Today is one of those days when I'm having trouble getting going. I'm grumpy because I woke up at 3:45 am and only dozed fitfully with weird dreams after that. My own fault, totally. I shouldn't have had that second glass of wine. Sigh. That's what it does for me.
So, I'm head-achy, been up since six to prepare for my niece, who arrived somewhere around six-twenty. She's getting heavier every day. And is very wiggly and eating lots more. Going on three months old now. Taking care of her and homeschooling my kids are my two big triumphs in life: the things that remind me that I'm slowly getting well.
But I never really have really good days. I just kind of ache along. And then, when I've used up my limited allotment of energy each day (which, since I'm typically doing a bit more, is at the same aproximate time I used to loose my energy: early-mid afternoon) I'm done for.
My poor priest thinks I'm worse off than I am, because he only ever sees me on Saturday evenings and Sunday mornings and is therefore convinced I'm practically wheelchair bound, since I hobble in there on Saturday evenings on a cane, having done my grocery shopping earlier on a typical Saturday and thus used up ALL my energy and then some. I also can't stand for long periods of time, so the cane comes along on Sunday mornings as well. Lately my hip has been funny. It makes things look perhaps worse than they are, but it's still somewhat of a necessity...for walking when I'm exhausted, and for longer standing otherwise.

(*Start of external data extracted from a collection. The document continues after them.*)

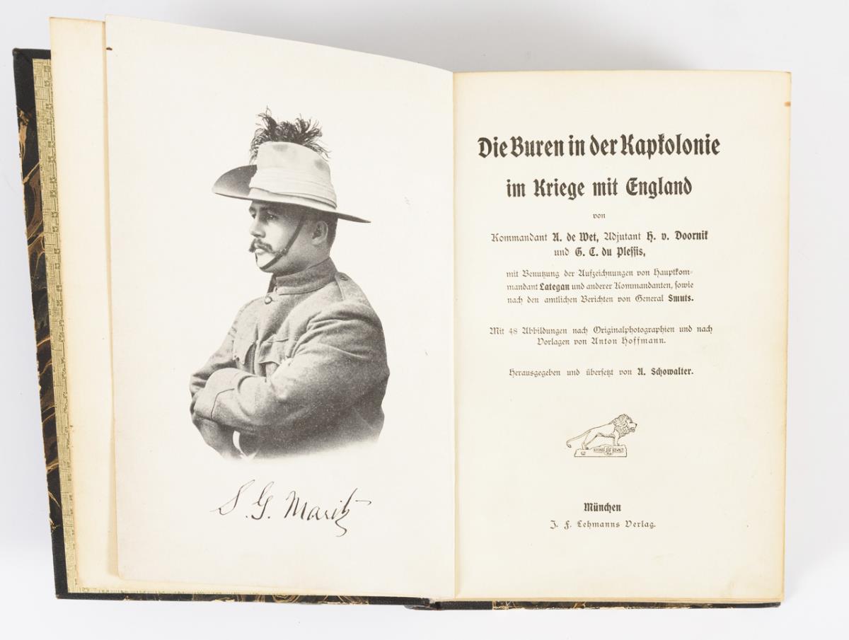Autenrieth: "Ins Innere Hochland von Kamerun - eigene Reiseerlebnisse", Stuttgart (1913), 189 Seiten. Mit Widmung des Verfassers. Halbleineneinband, 18,5 x 13 cm. / Steevens: "With Kitchener to Khartum", Edinburgh u. London 1898, 9. Auflage. 326 Seiten, Leineneinband, 19,5 x 14 cm. / "Die Buren in der Kapkolonie im Krieg mit England" Herausgeber Schowalter, München o.J., 293 Seiten. Halbleineneinband, 22 x 15,5 cm. / Rohrbach: "Die deutschen Kolonien - Ein Bilderbuch aller deutschen Kolonien ...", Dachau o.J., 84 Seiten, Halbpergamenteinband, 27,5 x 20,5 cm. / de Guerville: "Das moderne Aegypten", Leipzig 1906, 368 Seiten, Leineneinband, 23,5 x 16,5 cm. Alle Bücher illustriert oder mit Kartenmaterial. Leichte Gebrauchsspuren.
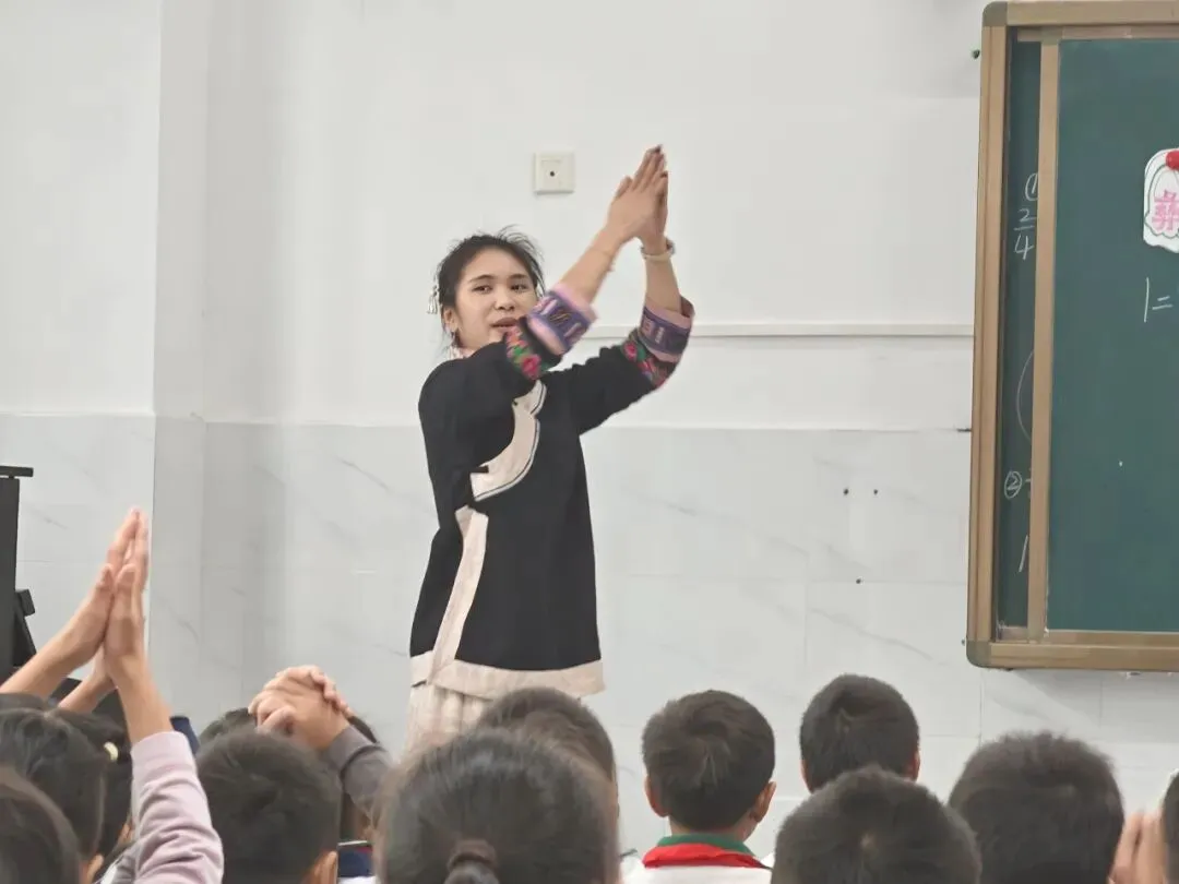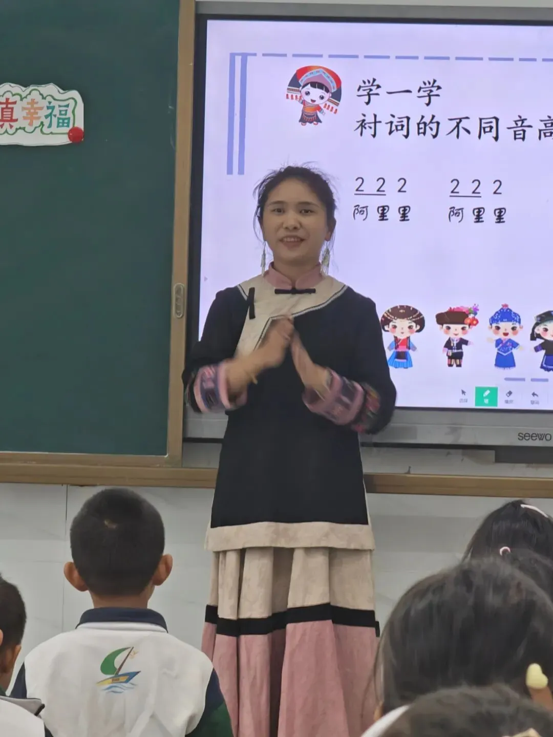 李荣娜老师身着彝族服装,伴随着热情洋溢的音乐律动走进教室,轻松地将孩子们带入民族音乐的氛围中。李老师针对特殊孩子的学情特点,采用了情境导入,通过图片、视频等引导学生了解彝族相关文化背景、服饰、刺绣以及火把节等民族特色风情,激发学生学习的兴趣。通过用打击乐器伴奏,逐步加入身势律动等环节使同学们进一步融入到课堂活动中,深深地沉浸在音乐的海洋里,感受民歌的特有韵味,领略音乐的艺术魅力。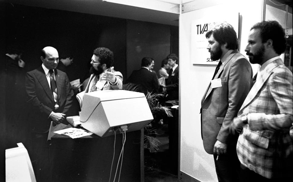 Visita do Reitor pe. Mac Dowell S.J. ao stand da PUC-Rio no XIII Congresso Nacional de Processamento de Dados. Nele foram exibidos os produtos dos programas de pesquisa do LED - Laboratório de Eletrônica Digital, e do LESC - Laboratório de Sistemas de Computação.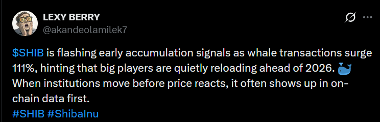A 111% rise in large SHIB transfers means big holders are moving tokens far more actively than before.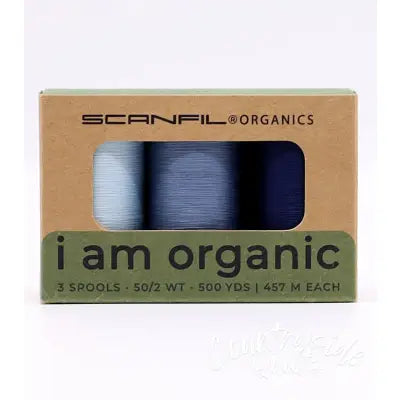 Afficher tous les détailsDenim Blues 50wt 3 spool set. SCANFIL® Organic Cotton Thread Set comes with 3 spools each with 500 yards of 50/2 Extra Long Staple Organic Pima cot...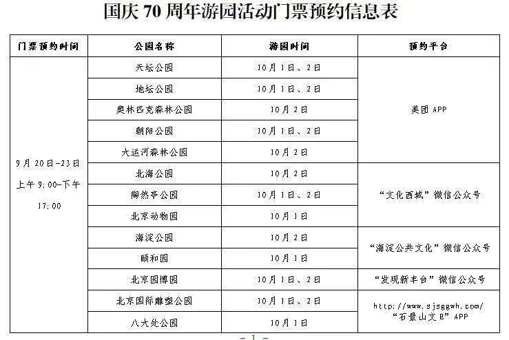 一、10月1日当天,部分收费公园免费开放(名单附后),其中,天坛公园、地坛公园、陶然亭公园、朝阳公园、园博园、北京国际雕塑公园、颐和园、北京动物园、八大处公园等9家公园免费不免票,市民和游客可通过公布的网站、微信公众号、APP 进行预约,并到指定地点兑换门票。当日凭门票入园,其它票证无效。

So, I was going to go to the doc yesterday for some more medicine, but weather changed those plans. I rescheduled for next week, and that's OK. And the thing is, even though at first I was grumpy about the weather cancelling my plans, I also had an unction service to go to yesterday evening. It seemed like God might have been saying to me "Me first"...
Which got me thinking: We pray daily "Thy kingdom come, Thy will be done...", and yet when things don't go my way, I get grumpy? Perhaps I really need to embrace something that very well might turn out to be God's will, after all, as I go through my life and things don't always go as planned.